Nanoscopic features of channel walls are often engineered to facilitate microfluidic transport, for instance when surface charge enables electroosmosis or when grooves drive mixing. The dynamic or rolling adhesion of flowing microparticles on a channel wall holds potential to accomplish particle sorting or to selectively transfer reactive species or signals between the wall and flowing particles. Inspired by cell rolling under the direction of adhesion molecules called selectins, we present an engineered platform in which the rolling of flowing microparticles is sustained through the incorporation of entirely synthetic, discrete, nanoscale, attractive features into the nonadhesive (electrostatically repulsive) surface of a flow channel. Focusing on one example or type of nanoscale feature and probing the impact of broad systematic variations in surface feature loading and processing parameters, this study demonstrates how relatively flat, weakly adhesive nanoscale features, positioned with average spacings on the order of tens of nanometers, can produce sustained microparticle rolling.
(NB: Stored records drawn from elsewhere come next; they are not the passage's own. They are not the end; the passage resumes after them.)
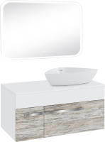 - Комплектация: Тумба под раковину Runo Вудлайн, 100, подвесная, скандинавский дуб; Накладная раковина Runo Terzo 60; Зеркало Runo Руан, 100х80 с подсветкой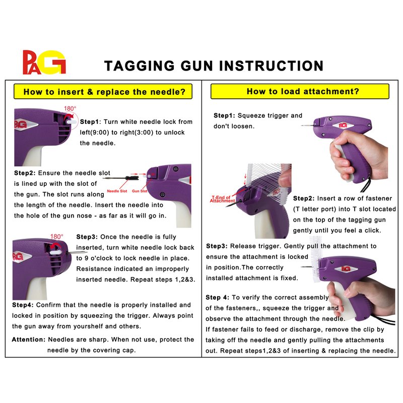 - ▶Ideal choice for all forms of standard tag. PAG standard tag gun can be used with most sizes or brand standard attachments. What's more, you can learn to use the tag gun and replace fasteners and needles within one minute as long as you read the instructions we provide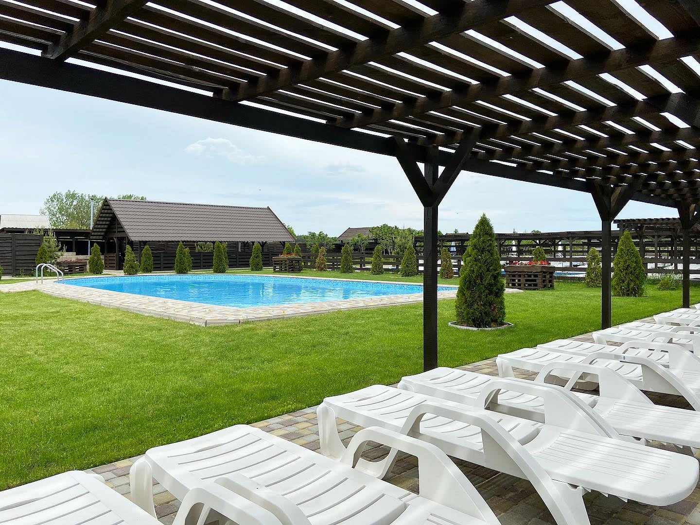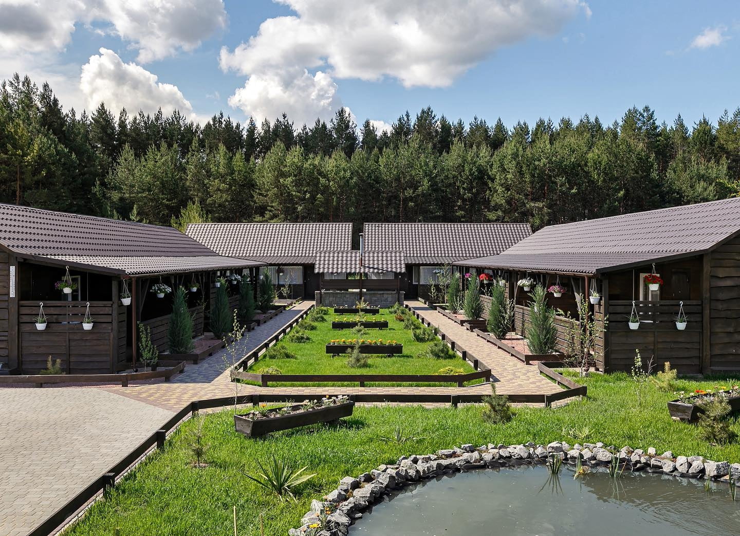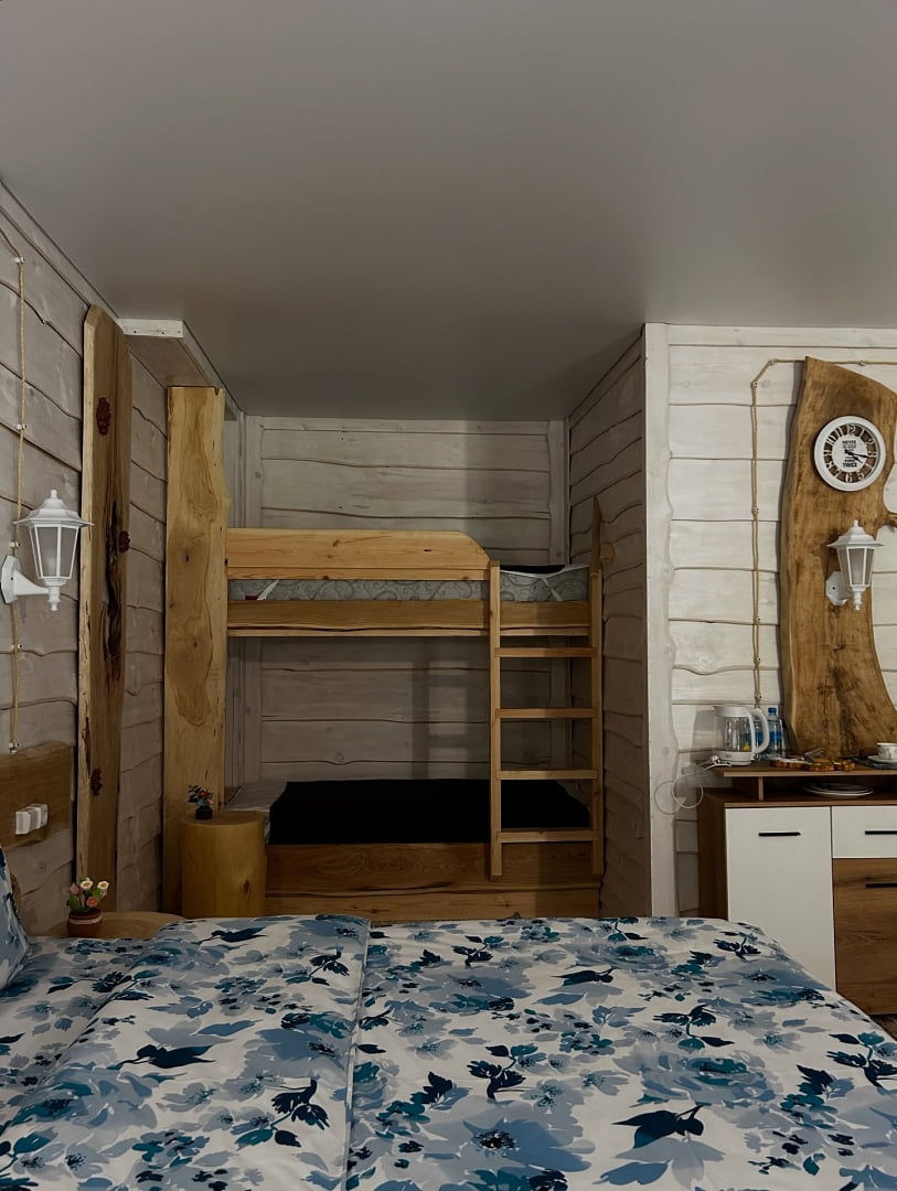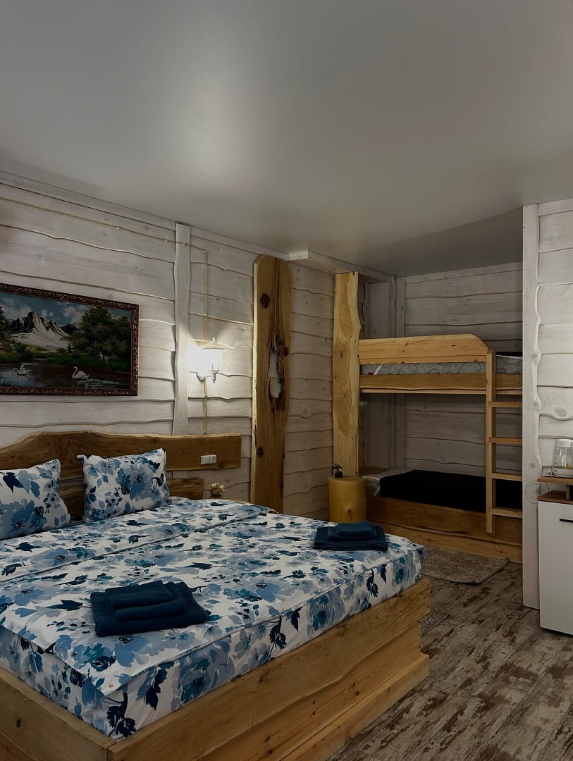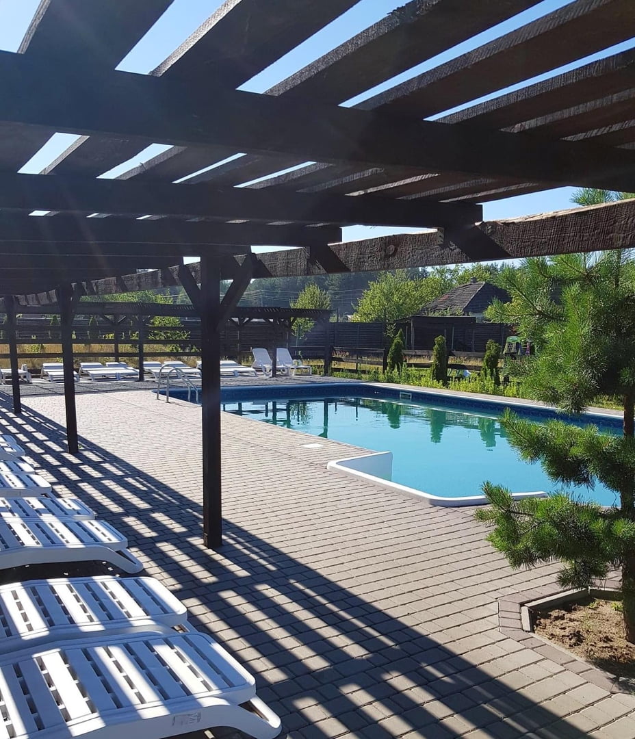 Комплекс пропонує кілька варіантів розміщення. На одній території розташований готель з однокімнатними та двокімнатними номерами, кожен з яких має власну терасу. Окремо функціонує новий корпус із преміум-номерами та котеджами з видом на сосновий ліс. Таке планування дозволяє обрати формат проживання як для короткого візиту, так і для кількаденного відпочинку з більшим рівнем приватності.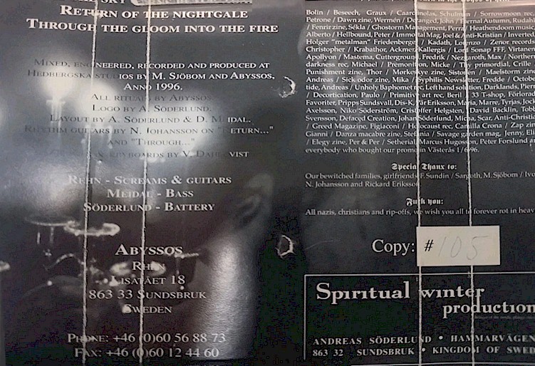 Black metal band from Sweden which one demo in 1996. Their first full length was also released in 1994 titled, Together We Summon the Dark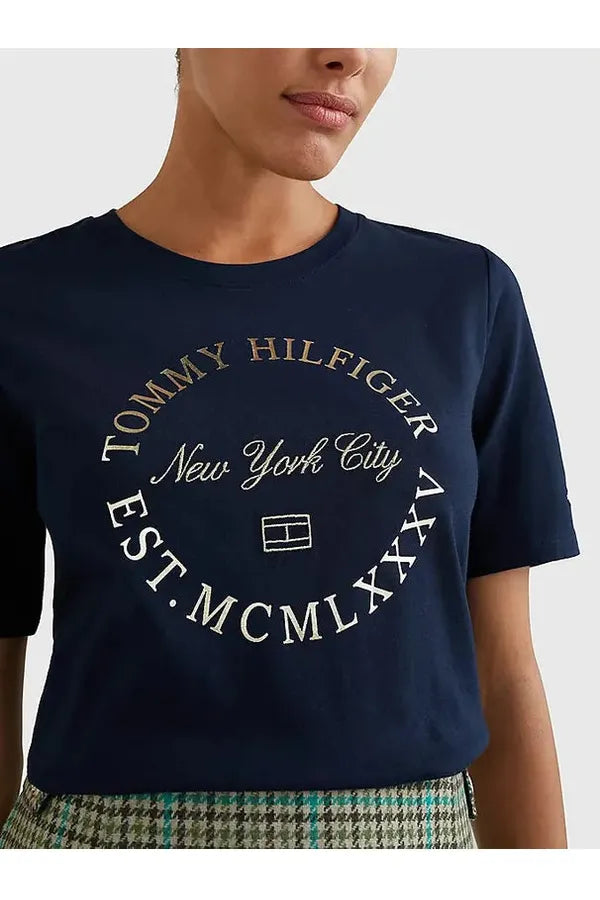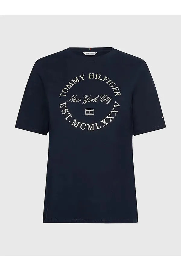 Esta camiseta clásica en punto de algodón orgánico luce un logo estampado y bordado en el pecho con un vistoso acabado metalizado.

We further demonstrate how the rolling velocity and travel distance depend on flow and surface design. We identify classes of related surfaces that fail to support rolling and present a state space that identifies combinations of surface and processing variables corresponding to transitions between rolling, free particle motion, and arrest. Finally we identify combinations of parameters (surface length scales, particle size, flow rates) where particles can be manipulated with size-selectivity.